The recent introduction of solid-state cardiac cameras with cadmium-zinc-telluride (CZT) detectors, which have higher photon sensitivity and spatial resolution than standard cameras, may allow parameters obtained by 123I-MIBG SPECT imaging to be used to gain a more accurate evaluation of cardiac adrenergic activity (Figure 3). Moreover, the possibility of obtaining both planar equivalent images and SPECT data during the same acquisition, thanks to the advanced geometry of these cameras, makes the examination shorter and more comfortable.
Furthermore, the narrower energy windows and better photon energy discrimination of CZT technology allow simultaneous 99mTc-sestamibi/123I-MIBG dual isotope imaging with a significant reduction in down-scatter of the two isotopes’ photopeaks.58–61 From this perspective, the possibility of viewing myocardial perfusion and innervation in one imaging session (Figure 4), combined with the opportunity to obtain more accurate parameters for innervation evaluation such as TSD, offers significant potential.

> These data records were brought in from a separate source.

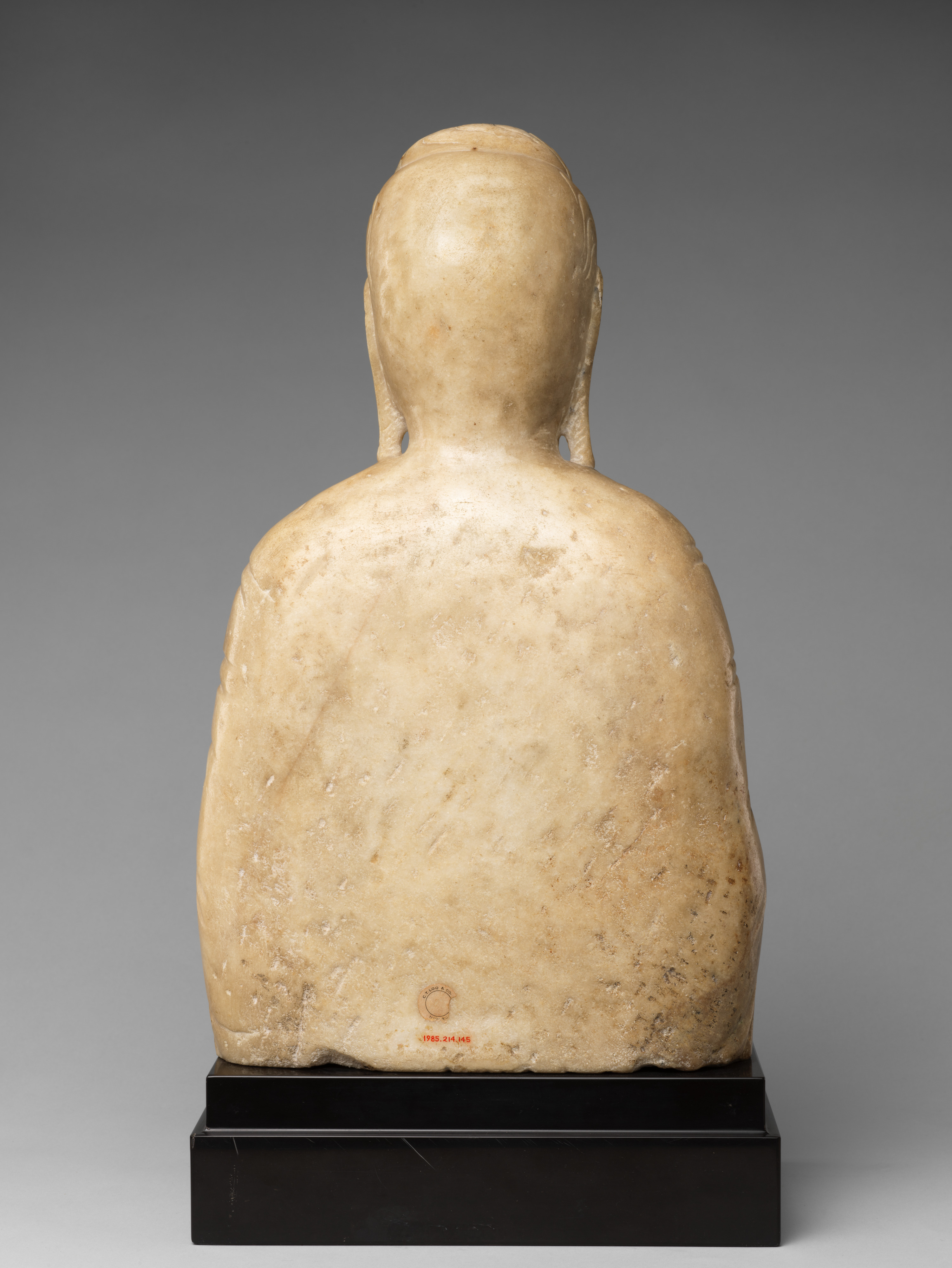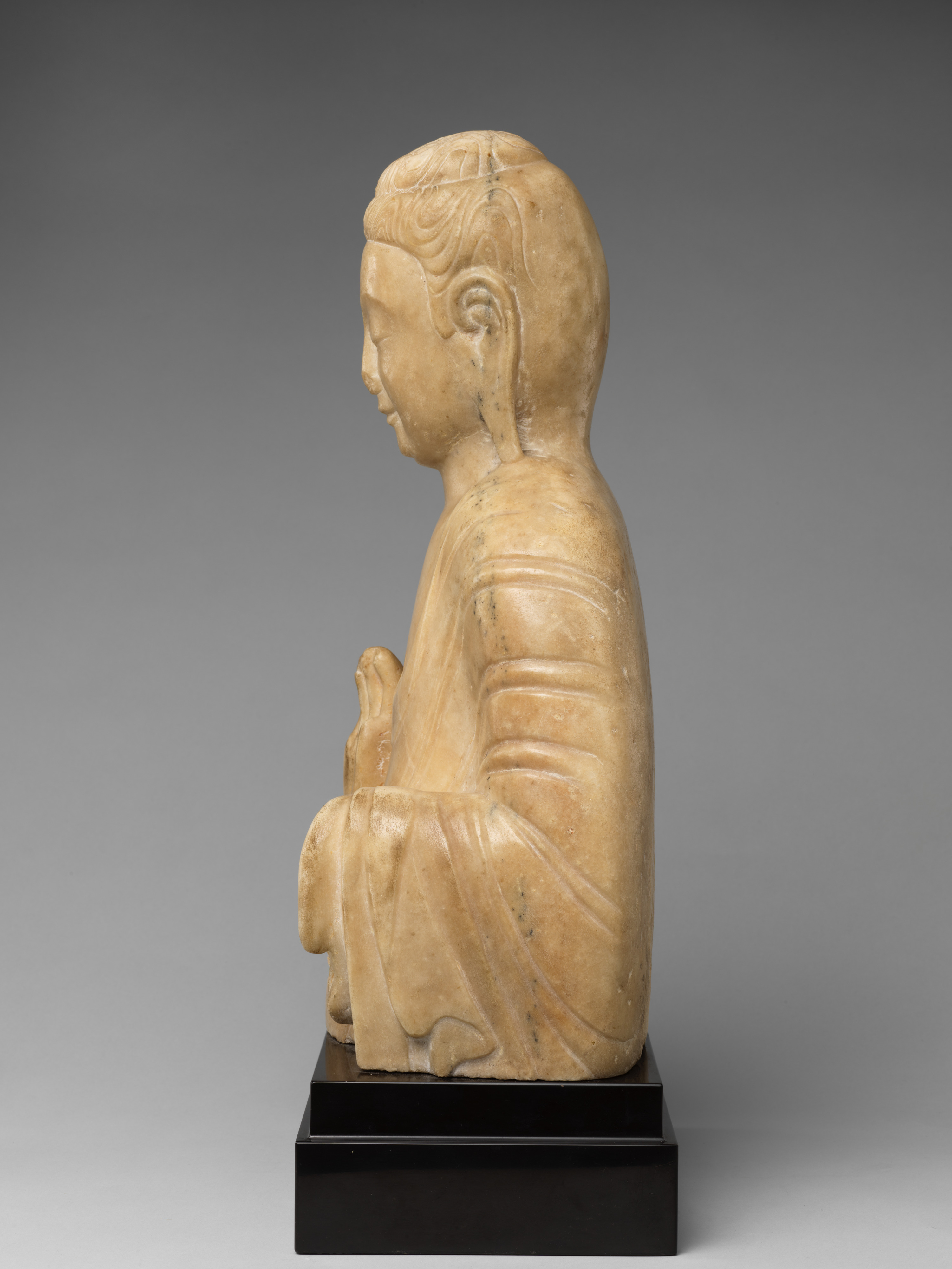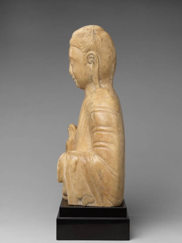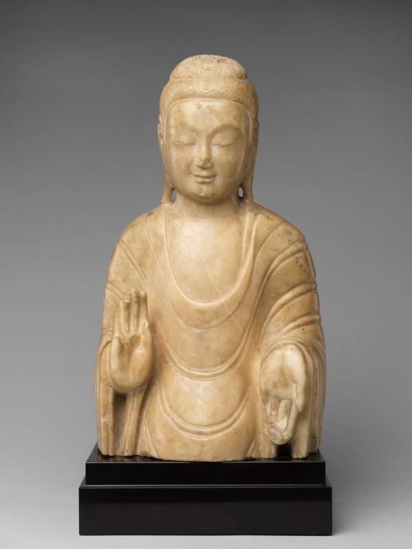 这尊七世纪隋朝大理石雕刻的佛像,发髻呈涡卷状,双耳垂肩,面相圆润,双目微闭低垂,面露微笑,面部表情亲切安详,法相慈悲端庄。身着通肩式佛衣,饰有大U形衣褶纹,衣褶简洁、流畅、舒展。右手施无畏印,左手施与愿印。整尊雕像虽然只有半身,但整体感觉稳重、庄严、造型优美、神态优雅,莹润有光泽、晶莹洁白,熠熠生辉,是难得一见的隋代汉白玉雕刻珍品。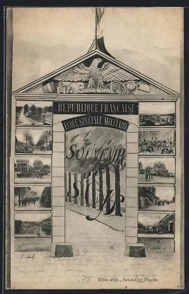 AK Saint-Cyr-l`École, Souvenir de l`École Spéciale Militaire avec divers bâtiments et scènes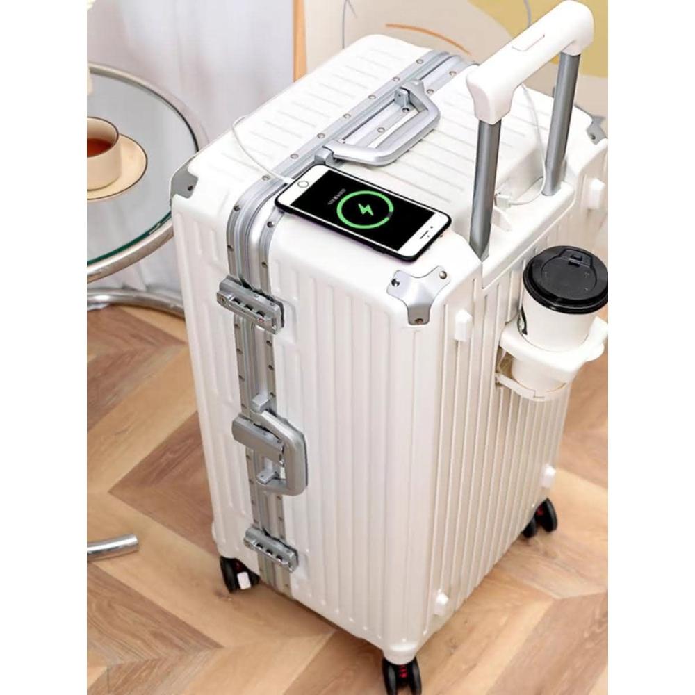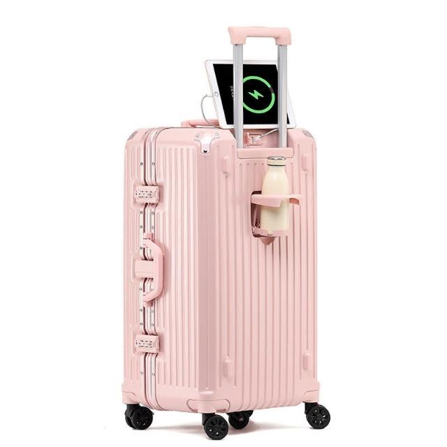 28吋大容量行李箱 36吋加厚鋁框拉桿箱 萬向輪旅行箱長途出國行李箱 杯架款4輪拉桿箱(行李箱 旅行箱 登機箱 鋁框 拉鍊 拉桿箱 胖胖箱 大容量)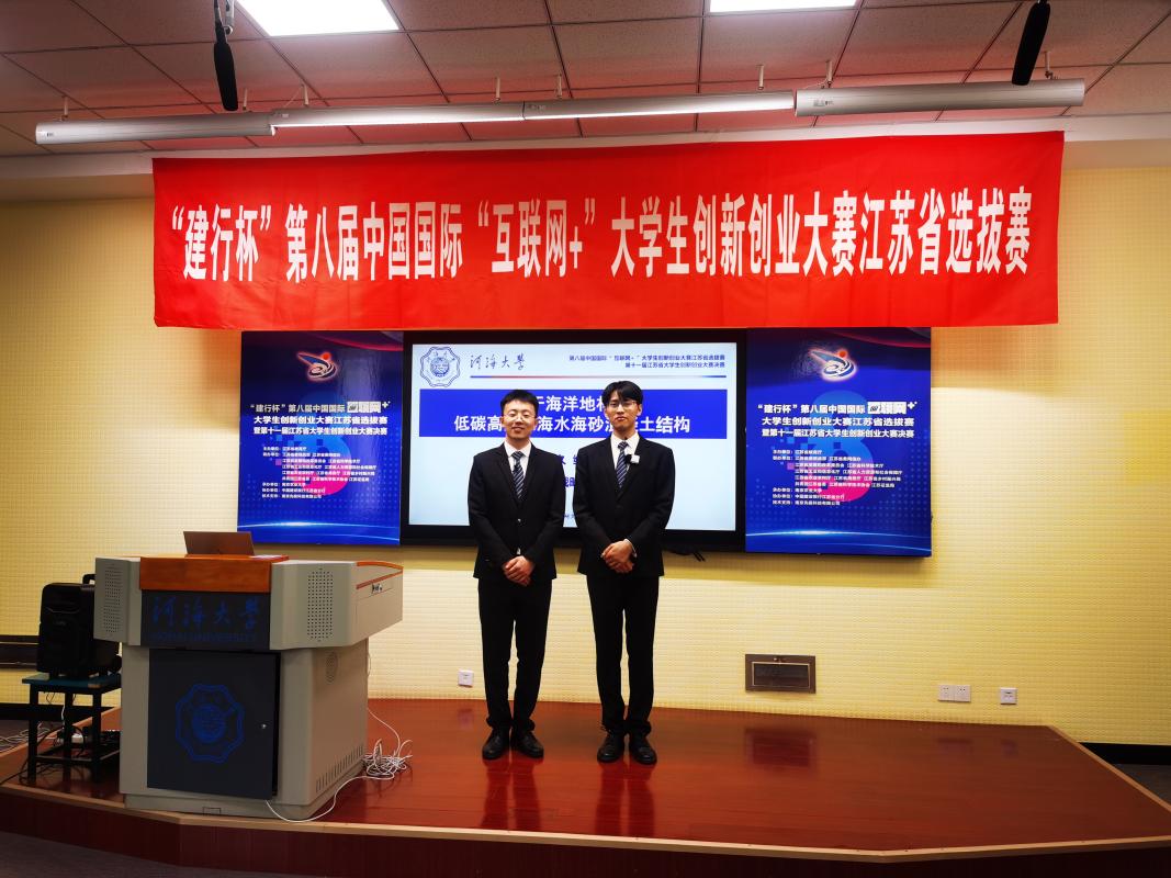 在产业赛道,由达波、陈达、侯利军等老师指导,港航院2021级研究生李益鹏、2019级本科生陶韬、2020级本科生彭润等同学共同完成的创新创业项目《基于海洋地材的低碳高耐久海水海砂混凝土结构》获得大赛一等奖。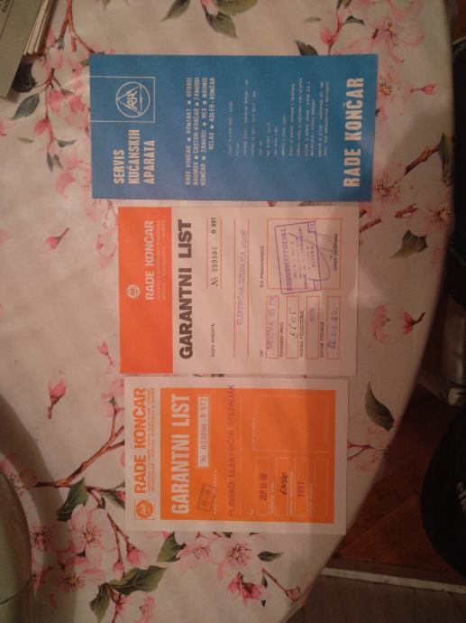 Prodajem dva garancijska lista za električnu grijalicu vode iz 1979g i plinsko električni štednjak iz 1977g kao i neispunjeni blok za garancijske listove i spiskom servisera u bivšoj Jugoslaviji. Plačanje na račun ili gotovina.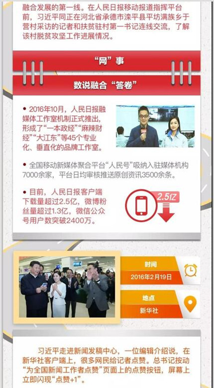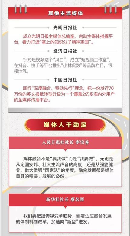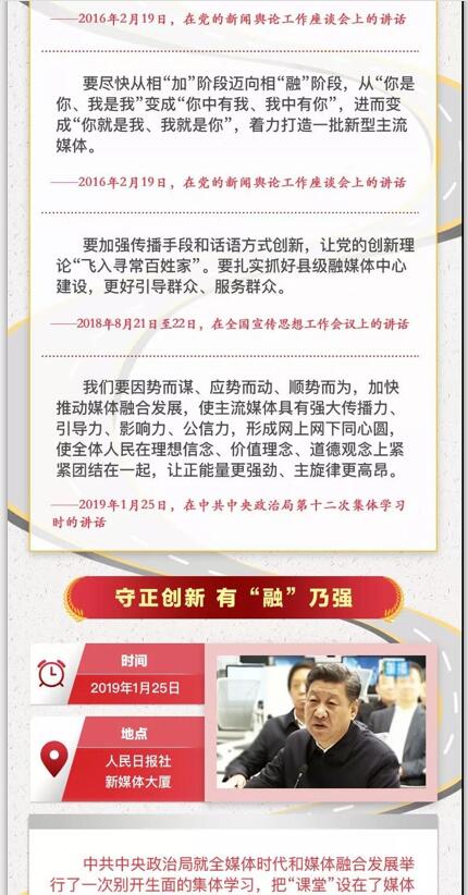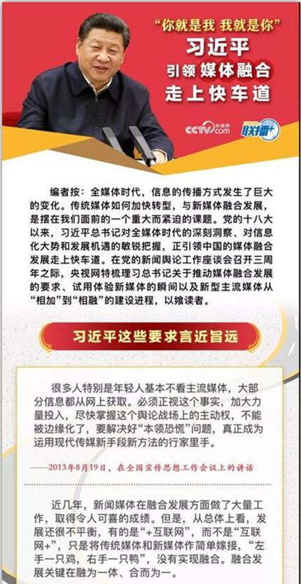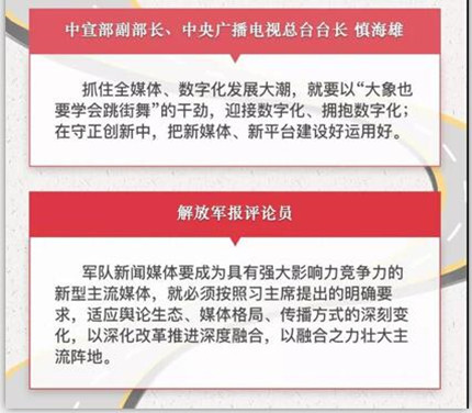 党的十八大以来,以习近平同志为核心的党中央高度重视传统媒体和新兴媒体的融合发展。3年前的2月19日,习近平总书记为新形势下党的新闻宣传工作指明了方向;3年后,习总书记再次深刻分析全媒体时代的挑战和机遇,明确提出推动媒体融合向纵深发展的重大要求。这一系列重要论述,立意深刻,谋划科学,纲举目张,使新闻舆论工作气象一新。
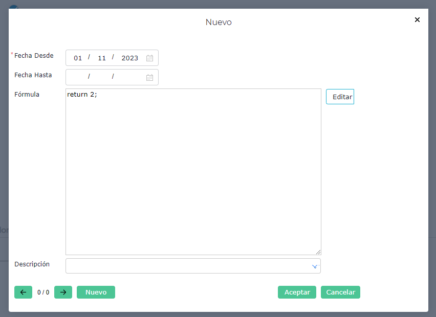 Fecha Hasta: Fecha límite de la configuración (opcional).

The extensive pool of available data has prepared the ground for the challenge of the future that is the use of machine learning and artificial intelligence for clinical applications. Machine learning is the area of computer science that exploit available information to produce reliable and repeatable choices to guide clinical decision-making. This approach seems very promising in the era of personalised medicine.62–64
The integration of information derived from traditional and novel parameters with data obtained from demographics may have a role in driving diagnostic work-up in individual patients, making medical care more personalised. However, this requires a great deal of measurement and evaluation, from image acquisition, through imaging parameters generation and developing decision-making algorithms before a critical clinical choice therapy based on human critical thinking rather than choice generated by machine algorithm can be made.